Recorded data
######

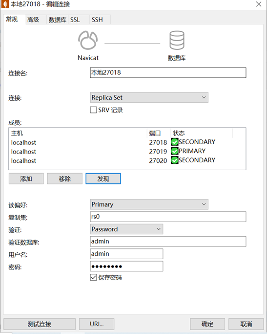 添加主机名,端口号,点击发现,可以查询当前复制集中的端口服务。
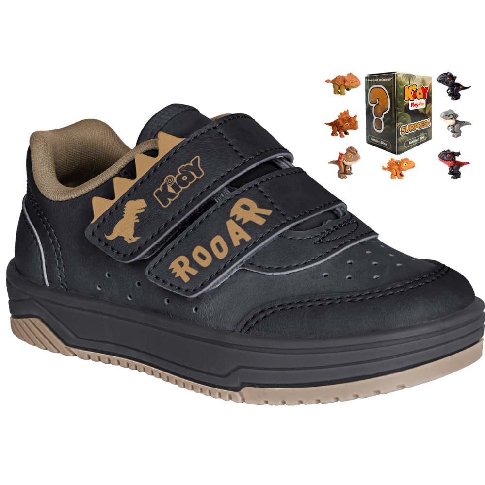 Tênis Infantil Kidy Happy Preto e Caramelo Dino Surpresa
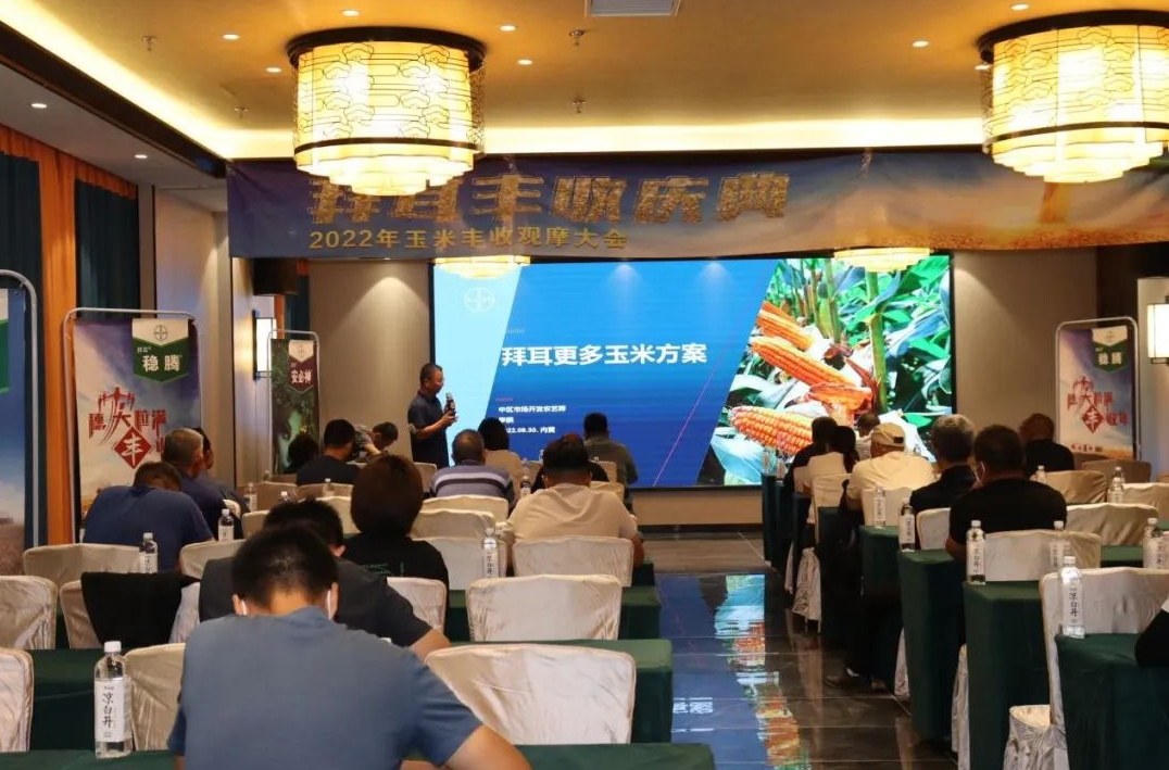 第五个中国农民丰收节的庆祝热潮还未褪去,9月30日,河南.安阳。正值玉米收获的时期,拜耳丰收庆典2022年玉米丰收测产大会成功召开。此次活动采取线上直播和线下会议联动的形式展开,线上累计吸引了50万人次观看。此次庆典有安阳市植保站站长王刚、河南省爱苗农业科技服务有限公司董事长宰运立、拜耳市场部杀菌剂资产经理李亚东、拜耳市场部中区市场经理李建中、拜耳市场开发部高级农艺师李鹏、汤阴县农博伟业专业种植合
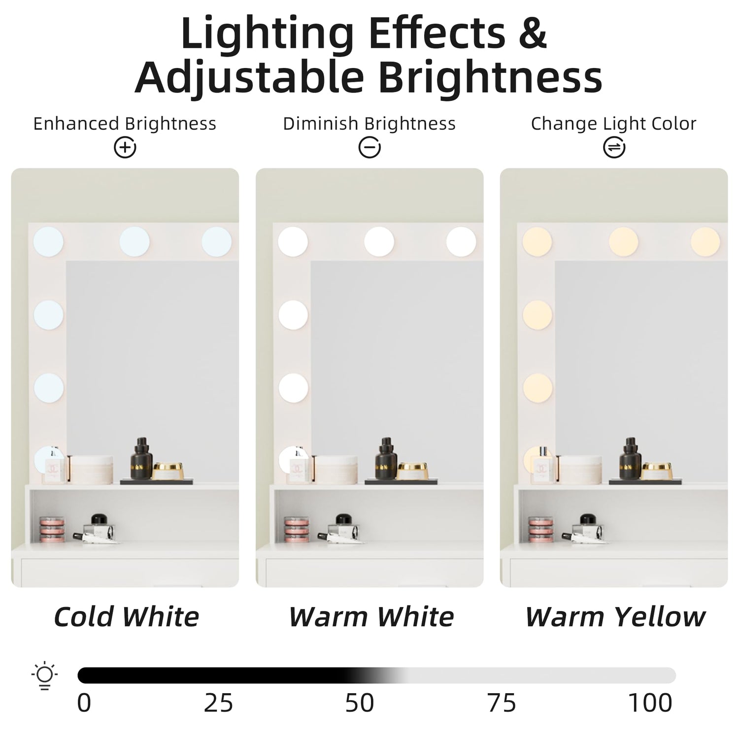 - Makeup Mirror with 10 Dimmable Bulbs: The clear mirror with 10 adjustable bulbs is a great helper for makeup. Change the model or brightness you need, cold white, warm white or warm yellow. With suitable lights, you can show your beauty or style to your heart’s content, get beautiful or unique photos for yourself.
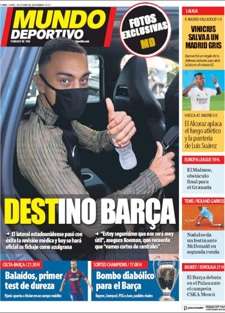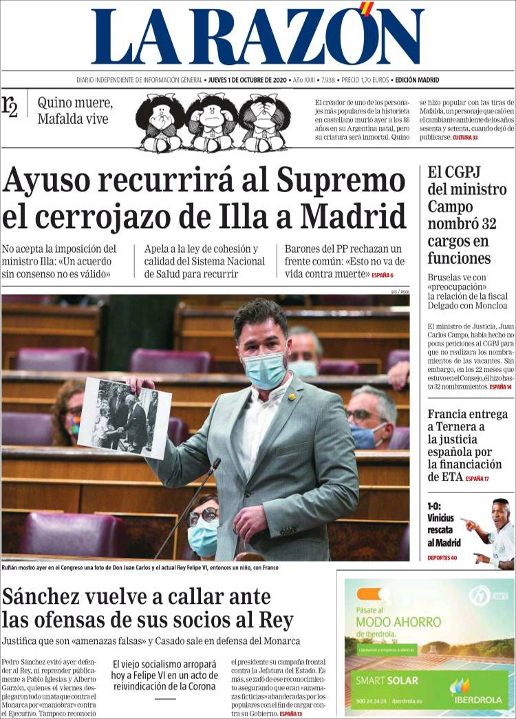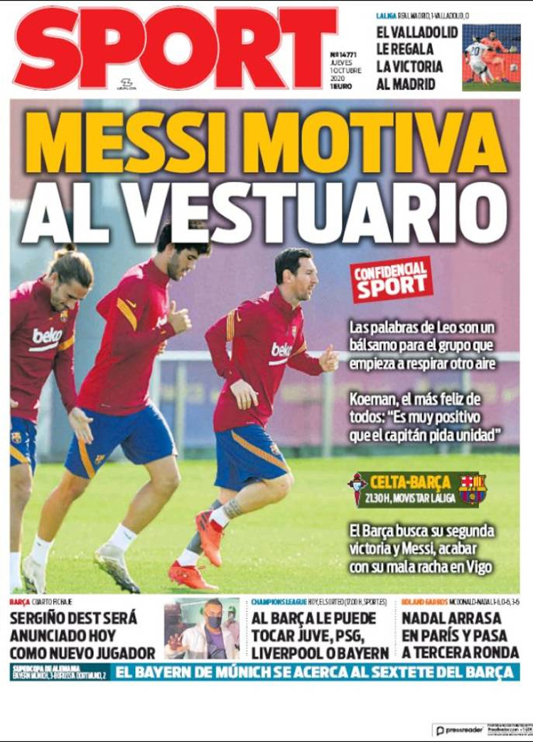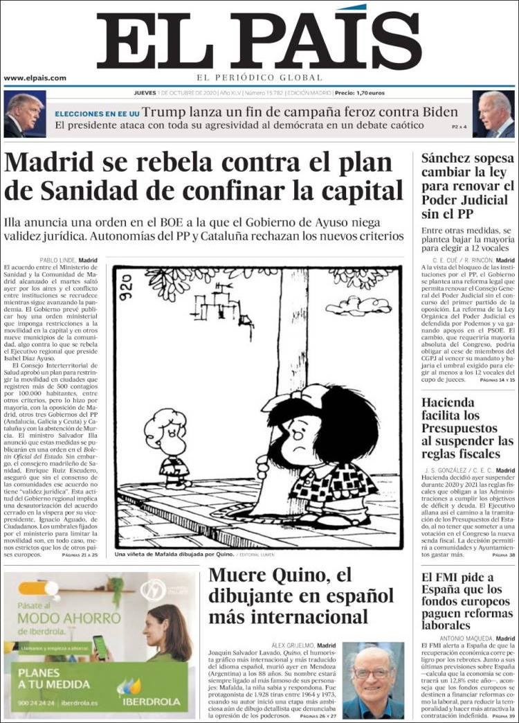 Principales portadas de hoy 01 de Octubre de 2020
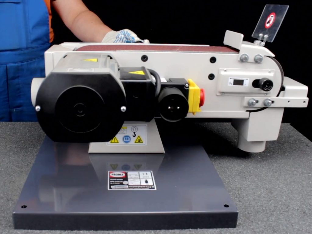 O 1º lugar é ocupado por um dispositivo universal, que é um produto profissional para retificar peças metálicas (tubos e perfis). Se você aumentar a velocidade da correia de 23,5 para 47 m/s, a potência do dispositivo aumenta de 2,5 para 3,3 kW.

######

Directions for this task:
Set down all of the entries exactly as they appear, but keep the images out.

Task response:
 添加主机名,端口号,点击发现,可以查询当前复制集中的端口服务。
 Tênis Infantil Kidy Happy Preto e Caramelo Dino Surpresa
 第五个中国农民丰收节的庆祝热潮还未褪去,9月30日,河南.安阳。正值玉米收获的时期,拜耳丰收庆典2022年玉米丰收测产大会成功召开。此次活动采取线上直播和线下会议联动的形式展开,线上累计吸引了50万人次观看。此次庆典有安阳市植保站站长王刚、河南省爱苗农业科技服务有限公司董事长宰运立、拜耳市场部杀菌剂资产经理李亚东、拜耳市场部中区市场经理李建中、拜耳市场开发部高级农艺师李鹏、汤阴县农博伟业专业种植合
 - Makeup Mirror with 10 Dimmable Bulbs: The clear mirror with 10 adjustable bulbs is a great helper for makeup. Change the model or brightness you need, cold white, warm white or warm yellow. With suitable lights, you can show your beauty or style to your heart’s content, get beautiful or unique photos for yourself.
 Principales portadas de hoy 01 de Octubre de 2020
 O 1º lugar é ocupado por um dispositivo universal, que é um produto profissional para retificar peças metálicas (tubos e perfis). Se você aumentar a velocidade da correia de 23,5 para 47 m/s, a potência do dispositivo aumenta de 2,5 para 3,3 kW.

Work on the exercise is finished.